* WORK TO BE COMPLETED
Omit every picture and return the rest of the data unaltered.

* PROVIDED DATA
# # #

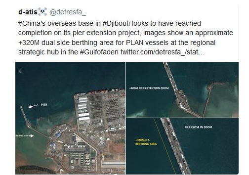 美国《福布斯》新闻于报道称,我国在吉布提基地的卫星照片,可以看到,这座基地已经成为一座长城一样的要塞,内部空间很大,还有大型直升机机场,有护城河,还有塔楼和城墙,甚至还有城墙垛口。
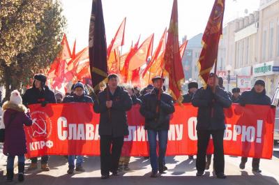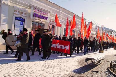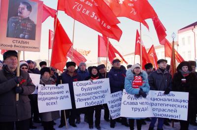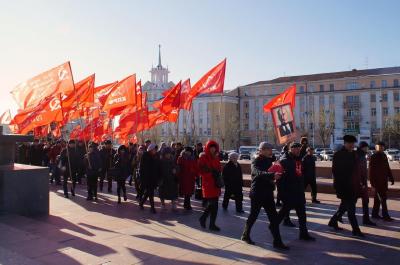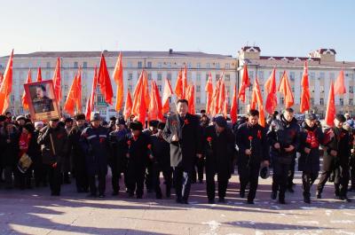 7 ноября 2016 года на площади Революции г.Улан-Удэ состоялся митинг, посвящённый 99-й годовщине Великой Октябрьской социалистической революции. Несмотря на морозную погоду, на площади собрались не только те, кому дорога эта дата, но и молодое поколение — все с хорошим настроением, с плакатами, флагами, транспарантами. Присутствие долгожданного праздника помогал ощущать духовой оркестр, исполнявший революционные и советские мелодии.
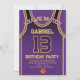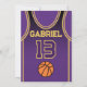 Celebrate your special day with this Basketball Jersey Birthday Invitation, designed for true basketball fans! Featuring a bold jersey design inspired by the iconic purple and gold colours, this invite is perfect for kids, teens, and adults who love the game. Personalise it easily with your name, age, party details, and even team number in just a few clicks. Available in multiple sizes, printed on premium quality paper with a wide range of finishes to match your style. Choose from different paper types, fast printing, and quick shipping so your invitations arrive on time. Whether it’s for a sports-themed party or a Lakers fan celebration, this invite is the perfect way to get your guests excited.

# # #

* SOLUTION TO THE EXERCISE
 美国《福布斯》新闻于报道称,我国在吉布提基地的卫星照片,可以看到,这座基地已经成为一座长城一样的要塞,内部空间很大,还有大型直升机机场,有护城河,还有塔楼和城墙,甚至还有城墙垛口。
 7 ноября 2016 года на площади Революции г.Улан-Удэ состоялся митинг, посвящённый 99-й годовщине Великой Октябрьской социалистической революции. Несмотря на морозную погоду, на площади собрались не только те, кому дорога эта дата, но и молодое поколение — все с хорошим настроением, с плакатами, флагами, транспарантами. Присутствие долгожданного праздника помогал ощущать духовой оркестр, исполнявший революционные и советские мелодии.
 Celebrate your special day with this Basketball Jersey Birthday Invitation, designed for true basketball fans! Featuring a bold jersey design inspired by the iconic purple and gold colours, this invite is perfect for kids, teens, and adults who love the game. Personalise it easily with your name, age, party details, and even team number in just a few clicks. Available in multiple sizes, printed on premium quality paper with a wide range of finishes to match your style. Choose from different paper types, fast printing, and quick shipping so your invitations arrive on time. Whether it’s for a sports-themed party or a Lakers fan celebration, this invite is the perfect way to get your guests excited.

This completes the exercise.